Suppose we solve $\frac{dy}{dx} = \frac{1 + y}{2 + x} .$ Which can be written as the following and integrating both sides w.r.t. $y$ and $x$: $\int\frac{1}{1 + y}dy = \int\frac{1}{2 +x}dx ,$ we get $\ln(1+y) = \ln(2+x) + C$ One of the book says:

It's convenient to write the constant $C$ as the logarithm of some other constant $A$: $ \ln(1+y) = \ln(2+x) + \ln(A) \implies \ln A(2 + x)$ $ \therefore (1 + y) = A(2 + x)$

Question: Why is it "convenient to write the constant $C$ as the logarithm of some other constant $A$"? What liberty do we have to write $\ln(A)$ instead of just $C$? I think I am unaware of what a logarithm of a constant is. I mean the significance of it.

  • 0
    ${\int} \dfrac{1}{y}dy = \log|x| + c$2011-12-27

2 Answers 2

6

It is convenient because it allows you to write both sides of an equation as a logarithm, and then use the fact that $\ln(a)=\ln(b)$ implies $a=b$.

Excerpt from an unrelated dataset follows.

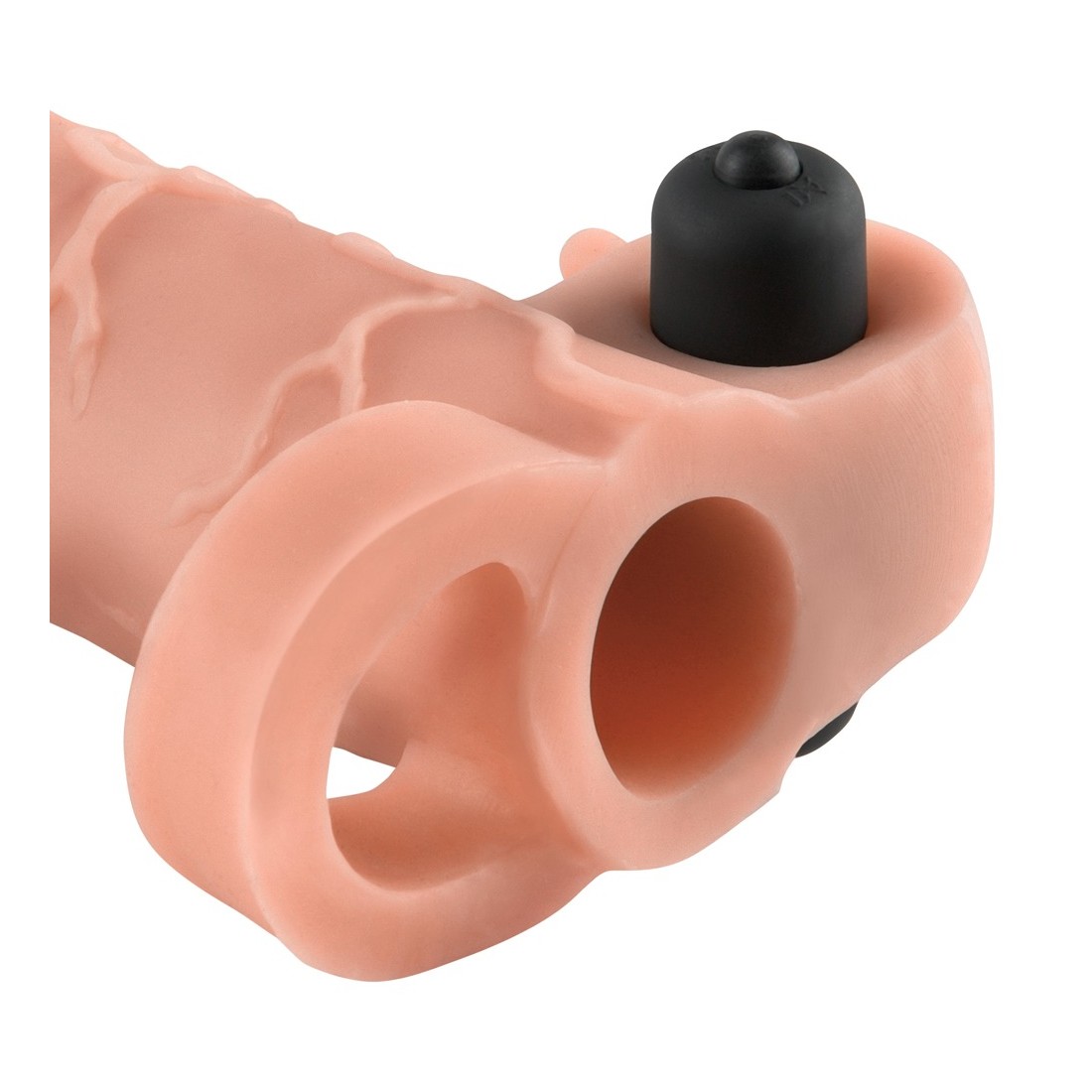 Questo copripene in materiale elastico morbido e simile alla pelle (Fanta Flesh) mette il pene in ottima forma per soddisfare i momenti di lussuria. La copertura aderente, che sostiene l'erezione, viene semplicemente fatta scivolare sul pene eretto e, grazie all'anello per testicoli, garantisce una calzata salda e confortevole senza scivolare. Grazie al magnifico diametro esterno, il pene è più grande del 33% in circonferenza. E il glande massiccio è allungato di 2,5 cm! Il piccolo e potente vibro proiettile è inserito nell'anello superiore e fornisce un'eccitante stimolazione aggiuntiva. Anche nella vasca da bagno o nella doccia, perché è impermeabile! Batteria inclusa (3 x LR44) per il vibro proiettile.

You have liberty to do so because $\ln$ is a surjective function, meaning that every real number has the form $\ln(A)$ for some $A>0$.

However, it is also unnecessary to do so, so do not worry if this style of argument seems unnatural at present. From $\ln(1+y)=\ln(2+x)+C$, you can exponentiate to get $1+y=e^C(2+x)$, and then recognize that $e^C$ is also an arbitrary (but positive) constant, and you might as well call it $A$.

A side note: $\ln(1+y)=\ln(2+x)+C$ is not quite a valid deduction, unless you are assuming that $y>-1$ and $x>-2$.

  • 1
    Usually you will be solving the DE given some *initial condition* $y(a)=b$. Depending on whether or not a>-2, and on whether or not b >-1, you may need to make some sign changes in your solution, since for $w$ negative, there is no real number $r$ such that $r=\ln w$, but $\int \frac{dw}{w}$ makes sense for w<0.2011-12-27
3

As I said in my answer to your last question, what we need when solving a differential equation (a simple example of which is taking a definite integral) is a constant of integration that can take on any real value. For this reason, we cannot write $A^2$ as our constant of integration, because we can never get a negative value for $A^2$ by plugging in a real value for $A$. However, we can write $\ln(A)$ for our constant because for any real number $r$ we get our constant of integration equal to $r$ when we plug in $e^r$ for $A$.

As for why using $\ln(A)$ as the constant of integration is more convenient than using $C$, its just so that you can write $(1+y)=A(2+x)$ rather than $(1+y)=e^C(2+x)$, and whoever wrote your textbook decided the first was a nicer expression.